Work task: Only the lines below from the one that holds "Η Κομματική Οργάνωση" through the one that holds "Un design doux" should appear in the answer, copied exactly, end lines included and pictures omitted.

Data supplied:
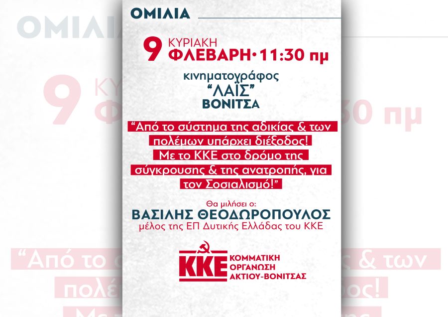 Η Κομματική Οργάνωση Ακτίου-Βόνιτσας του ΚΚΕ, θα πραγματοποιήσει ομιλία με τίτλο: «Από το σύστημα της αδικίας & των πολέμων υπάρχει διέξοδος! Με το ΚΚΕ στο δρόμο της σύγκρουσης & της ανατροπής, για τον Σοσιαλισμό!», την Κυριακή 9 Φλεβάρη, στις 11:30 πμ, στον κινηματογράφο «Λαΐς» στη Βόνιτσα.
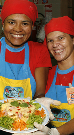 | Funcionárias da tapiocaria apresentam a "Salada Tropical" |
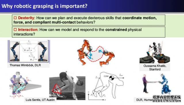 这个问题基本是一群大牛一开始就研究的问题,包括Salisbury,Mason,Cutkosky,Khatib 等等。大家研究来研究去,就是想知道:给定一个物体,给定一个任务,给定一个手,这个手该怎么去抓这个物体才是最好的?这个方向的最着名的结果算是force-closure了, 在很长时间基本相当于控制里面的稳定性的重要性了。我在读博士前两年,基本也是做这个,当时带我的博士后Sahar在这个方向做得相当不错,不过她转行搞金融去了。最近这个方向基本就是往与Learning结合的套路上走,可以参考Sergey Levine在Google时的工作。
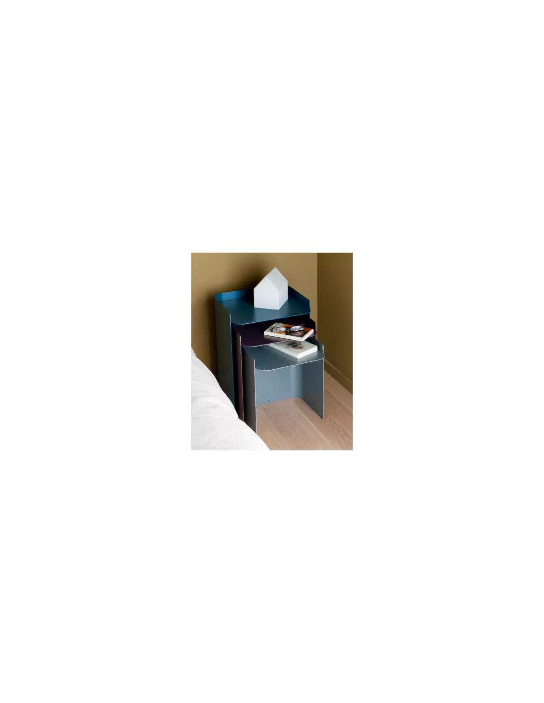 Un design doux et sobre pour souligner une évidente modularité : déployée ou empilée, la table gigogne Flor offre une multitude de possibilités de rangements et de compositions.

...

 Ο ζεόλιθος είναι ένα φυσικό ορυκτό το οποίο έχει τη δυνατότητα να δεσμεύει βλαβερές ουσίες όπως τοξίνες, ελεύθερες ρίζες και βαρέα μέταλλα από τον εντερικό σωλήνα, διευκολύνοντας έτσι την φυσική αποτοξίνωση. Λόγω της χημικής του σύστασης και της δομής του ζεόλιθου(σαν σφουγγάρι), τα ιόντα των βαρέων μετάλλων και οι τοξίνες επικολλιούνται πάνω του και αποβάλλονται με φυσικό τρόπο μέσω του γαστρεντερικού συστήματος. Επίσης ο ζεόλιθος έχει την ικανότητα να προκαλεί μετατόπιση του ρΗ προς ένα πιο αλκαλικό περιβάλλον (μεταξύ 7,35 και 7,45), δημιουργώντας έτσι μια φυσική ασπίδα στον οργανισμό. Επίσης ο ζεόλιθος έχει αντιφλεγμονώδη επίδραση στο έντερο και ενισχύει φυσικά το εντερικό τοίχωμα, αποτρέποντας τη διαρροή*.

--

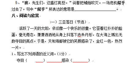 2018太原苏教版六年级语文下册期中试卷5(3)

Task output:
 Η Κομματική Οργάνωση Ακτίου-Βόνιτσας του ΚΚΕ, θα πραγματοποιήσει ομιλία με τίτλο: «Από το σύστημα της αδικίας & των πολέμων υπάρχει διέξοδος! Με το ΚΚΕ στο δρόμο της σύγκρουσης & της ανατροπής, για τον Σοσιαλισμό!», την Κυριακή 9 Φλεβάρη, στις 11:30 πμ, στον κινηματογράφο «Λαΐς» στη Βόνιτσα.
 | Funcionárias da tapiocaria apresentam a "Salada Tropical" |
 这个问题基本是一群大牛一开始就研究的问题,包括Salisbury,Mason,Cutkosky,Khatib 等等。大家研究来研究去,就是想知道:给定一个物体,给定一个任务,给定一个手,这个手该怎么去抓这个物体才是最好的?这个方向的最着名的结果算是force-closure了, 在很长时间基本相当于控制里面的稳定性的重要性了。我在读博士前两年,基本也是做这个,当时带我的博士后Sahar在这个方向做得相当不错,不过她转行搞金融去了。最近这个方向基本就是往与Learning结合的套路上走,可以参考Sergey Levine在Google时的工作。
 Un design doux et sobre pour souligner une évidente modularité : déployée ou empilée, la table gigogne Flor offre une multitude de possibilités de rangements et de compositions.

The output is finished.